AGENTS.md recommendations
synthesized from analysis of 4,281 threads, 208,799 messages, 901 steering events, 2,050 approval events.
executive summary
the data reveals a clear pattern: iterative, explicit collaboration beats passive acceptance. users who steer achieve ~60% resolution vs 37% for those who don’t. but excessive steering (>1:1 steering:approval ratio) signals frustration. the sweet spot is active engagement with high approval internal_app.
behaviors to ENCOURAGE
1. confirmation before action
evidence: 46.7% of steerings start with “no”, 16.6% with “wait”. users steer most when agent rushes ahead without confirmation.
recommendation:
## execution protocol
before running tests, pushing code, or making significant changes, confirm with user first unless:
- explicitly told to proceed autonomously
- the action is clearly part of an approved plan
- the change is trivial and easily reversible
ASK: "ready to run the tests?" rather than "running the tests now..."
2. scope discipline
evidence: trigger analysis shows “scope creep” and “running full test suite instead of targeted tests” as common steering triggers.
recommendation:
## scope management
- when asked to do X, do X only
- if you notice related improvements, mention them but don't implement unless asked
- for tests: use specific test flags (-run=xxx) rather than running entire suites
- when in doubt about scope, ask
3. flag/option memory
evidence: “You forgot to -run=xxx” is a recurring correction. common flags include -run=xxx, specific filter params, benchmark options.
recommendation:
## command patterns
remember user-specified flags across the thread:
- benchmark flags: -run=xxx, -bench=xxx, -benchstat
- test filters: specific test names, package paths
- git conventions: avoid git add -A, use explicit file lists
when running similar commands, preserve flags from previous invocations unless user changes them.
4. file location verification
evidence: “No, not in float_test.go. Should go in column_test.go” — users steer on file placement.
recommendation:
## file operations
before writing to a file, especially for new code:
- verify the target file/directory with user
- for tests: confirm whether to add to existing test file or create new one
- for components: check naming conventions in adjacent files
5. thread spawning for complex work
evidence: threads that spawn subtasks correlate with deeper, more successful work. max chain depth observed: 5 levels. top spawners produce 20-32 child threads.
recommendation:
## thread structure
for complex multi-phase work:
- use Task tool to spawn focused subtasks
- each subtask should have clear scope and exit criteria
- spawn depth of 2-3 is healthy; beyond 5 suggests over-fragmentation
- when stuck in a single context, consider spawning a fresh subtask
6. uniform internal_app
evidence: successful threads maintain consistent approval distribution across phases (early: 1.85, middle: 1.91, late: 1.87). no front-loading or back-loading.
recommendation:
## pacing
- seek small, frequent confirmations rather than large batches
- if you haven't received feedback in several turns, pause and check in
- don't batch multiple changes before showing user
behaviors to AVOID
1. premature action
evidence: “Wait a fucking second, you responded to all of that without confirming with me?” — strongest steering language appears here.
anti-pattern:
❌ "Now let's run the tests to see if this fixes..."

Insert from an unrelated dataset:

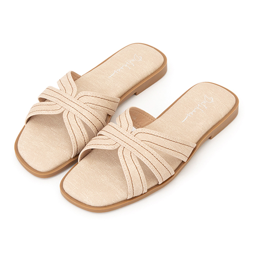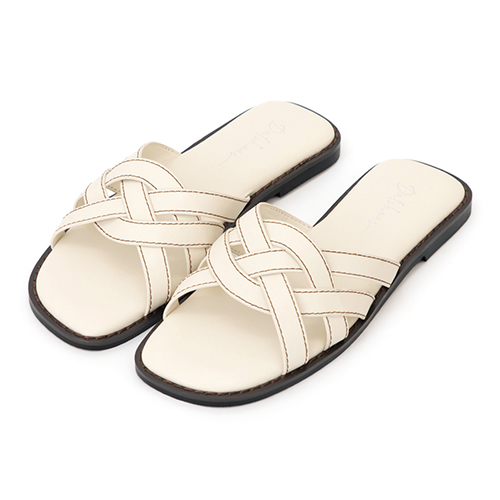 慵懶假期立體車線平底拖鞋 米白

❌ pushing code before user reviews
❌ making changes beyond asked scope without flagging
2. git add -A and blanket operations
evidence: “Revert. NEVER EVER use git add -A” — explicit user rule.
anti-pattern:
❌ git add -A (always use explicit file lists)
❌ running full test suites when specific tests requested
❌ global find-replace without confirmation
3. over-delegation to Task
evidence: Task usage is HIGHER in FRUSTRATED threads (61.5%) than RESOLVED (40.5%). suggests over-delegation when stuck.
anti-pattern:
❌ spawning Task as escape hatch when confused
❌ delegating without clear spec
❌ spawning multiple concurrent tasks that touch same files
healthy pattern: use Task for clearly scoped, independent work—not as a crutch.
4. oracle as last resort
evidence: FRUSTRATED threads use oracle MORE (46.2%) than RESOLVED (25%). oracle is reached for when already stuck.
anti-pattern:
❌ calling oracle only when things go wrong
healthy pattern: use oracle early for planning, not late for rescue.
5. changing preserved behavior
evidence: “WTF. Keep using FillVector!” — users expect existing patterns preserved unless explicitly changing.
anti-pattern:
❌ refactoring working code while fixing unrelated issue
❌ changing API signatures without explicit request
❌ "improving" existing implementations unprompted
optimal thread patterns
success predictors
| metric | target | red flag |
|---|---|---|
| approval:steering ratio | >2:1 | <1:1 |
| thread length | 26-50 turns | >100 turns without resolution |
| question density | <5% | >15% |
| steering recovery | 87% next msg not steering | consecutive steerings |
thread lifecycle phases
healthy flow:
1. scope definition (1-3 turns)
2. plan confirmation (user approves approach)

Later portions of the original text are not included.